TASK DATA: Begin

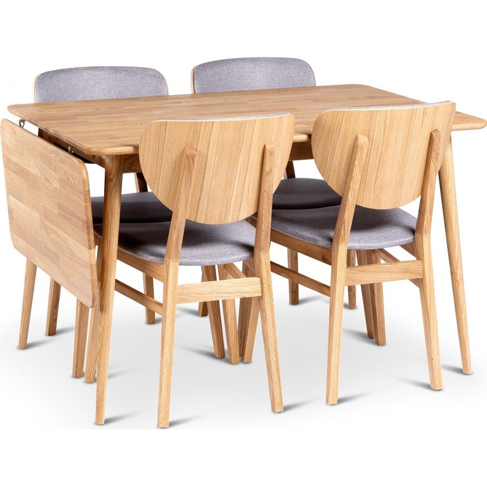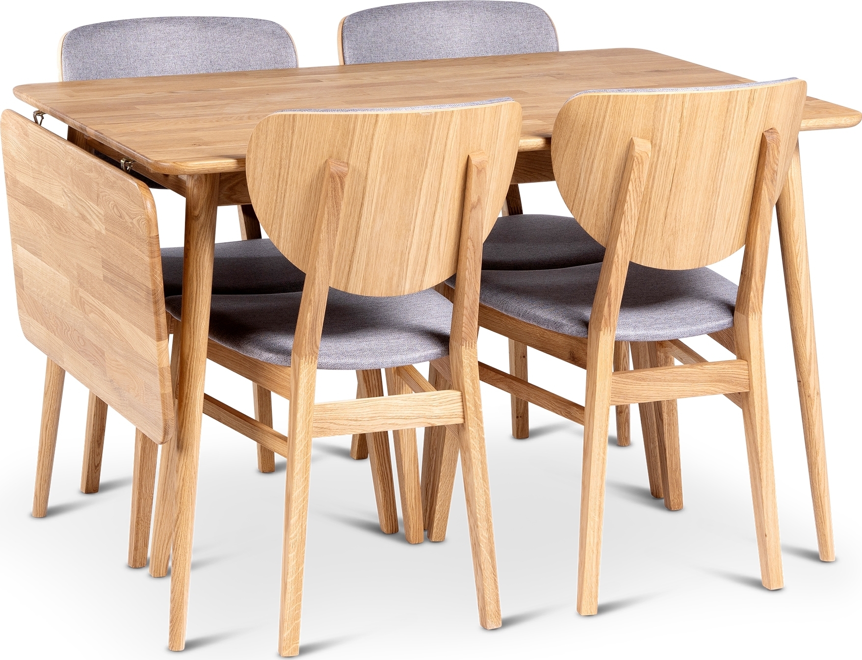 Stilfull matgrupp i massiv i oljad ek och 4 matchande stolar i massiv ek. Hängklaffen som alltid sitter på sidan gör att bordet enkelt kan förlängas vid behov.
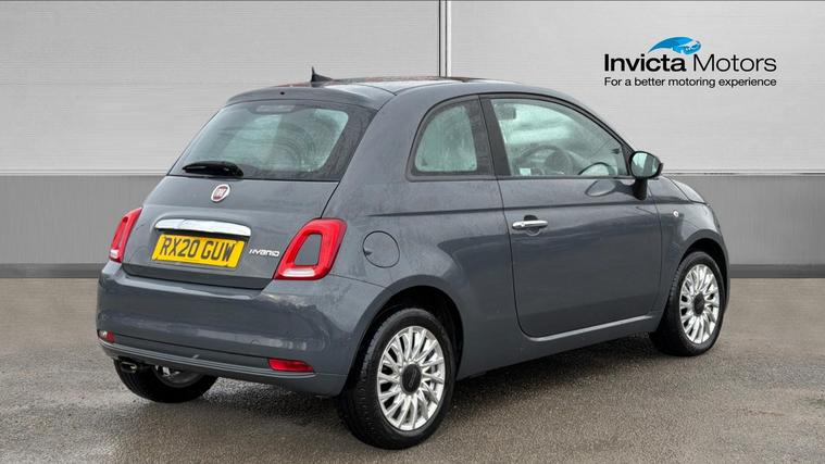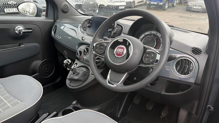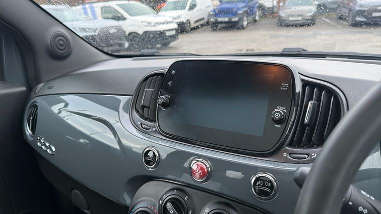 Fitted with the new 1.0 Hybrid Engine, the Fiat 500 hatchback is a stunning city car that offers exceptional economy and high levels of style. Call now to arrange viewing. The 'Lounge' trim looks fantastic with the Chrome Exterior Details and includes as standard a Fixed Glass Sunroof, Rear Parking Sensors, Bluetooth Connectivity and Air Conditioning. 185 litres of luggage space is provided in the boot of the 500 and can be expanded when the rear seats are lowered. A Chequered Cloth upholstery is provided on the Lounge trim and is paired with Leather details on the Steering Wheel and Seat Backs. The rear includes Isofix Points with a Height Adjustable Driver Seat. A 7-inch 'UConnect' display is placed on the dashboard with Bluetooth, USB and AUX media connections. AM/FM radio bands are provided too with Apple Carplay and Android Auto functions.
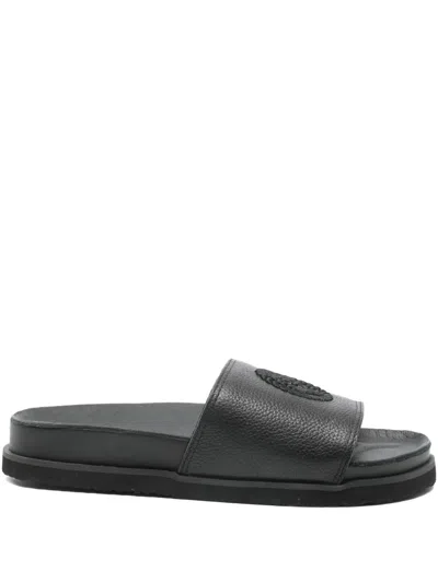 LOGO压纹皮质平底凉鞋
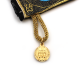 Pochette icône tissage or à l'effigie d'une magnifique et classique Vierge à l'Enfant. Visuel des 2 côtés. Personnalisée par une médaille en métal doré spécifique à la cathédrale de Reims, la Vierge couronnée à l'Enfant du portail central sur une face et une représentation de la cathédrale sur l'autre. Fermeture éclair, intérieur noir. Peut servir de pochette à chapelet. Dimensions 7 x 10 cm.
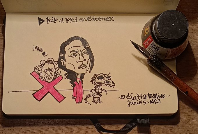 🔴RIP al PRI en #EdoMex2023 ¡Sí! Adiós al saqueo. #DelfinaGobernadora gana en un triunfo histórico de la ciudadanía con una candidata, mujer, maestra. ✌️✒️✔️ #CintiaBolio #CartónPolítico #Democracia #Mujeres #Poder #FraudeNo #YaCvan #MeteoritoTeam #5Junio2023

TASK DATA: End

=== ASSIGNED TASK ===
Repeat every line above precisely; pictures do not belong in the copy.

=== TASK SOLUTION ===
 Stilfull matgrupp i massiv i oljad ek och 4 matchande stolar i massiv ek. Hängklaffen som alltid sitter på sidan gör att bordet enkelt kan förlängas vid behov.
 Fitted with the new 1.0 Hybrid Engine, the Fiat 500 hatchback is a stunning city car that offers exceptional economy and high levels of style. Call now to arrange viewing. The 'Lounge' trim looks fantastic with the Chrome Exterior Details and includes as standard a Fixed Glass Sunroof, Rear Parking Sensors, Bluetooth Connectivity and Air Conditioning. 185 litres of luggage space is provided in the boot of the 500 and can be expanded when the rear seats are lowered. A Chequered Cloth upholstery is provided on the Lounge trim and is paired with Leather details on the Steering Wheel and Seat Backs. The rear includes Isofix Points with a Height Adjustable Driver Seat. A 7-inch 'UConnect' display is placed on the dashboard with Bluetooth, USB and AUX media connections. AM/FM radio bands are provided too with Apple Carplay and Android Auto functions.
 LOGO压纹皮质平底凉鞋
 Pochette icône tissage or à l'effigie d'une magnifique et classique Vierge à l'Enfant. Visuel des 2 côtés. Personnalisée par une médaille en métal doré spécifique à la cathédrale de Reims, la Vierge couronnée à l'Enfant du portail central sur une face et une représentation de la cathédrale sur l'autre. Fermeture éclair, intérieur noir. Peut servir de pochette à chapelet. Dimensions 7 x 10 cm.
 🔴RIP al PRI en #EdoMex2023 ¡Sí! Adiós al saqueo. #DelfinaGobernadora gana en un triunfo histórico de la ciudadanía con una candidata, mujer, maestra. ✌️✒️✔️ #CintiaBolio #CartónPolítico #Democracia #Mujeres #Poder #FraudeNo #YaCvan #MeteoritoTeam #5Junio2023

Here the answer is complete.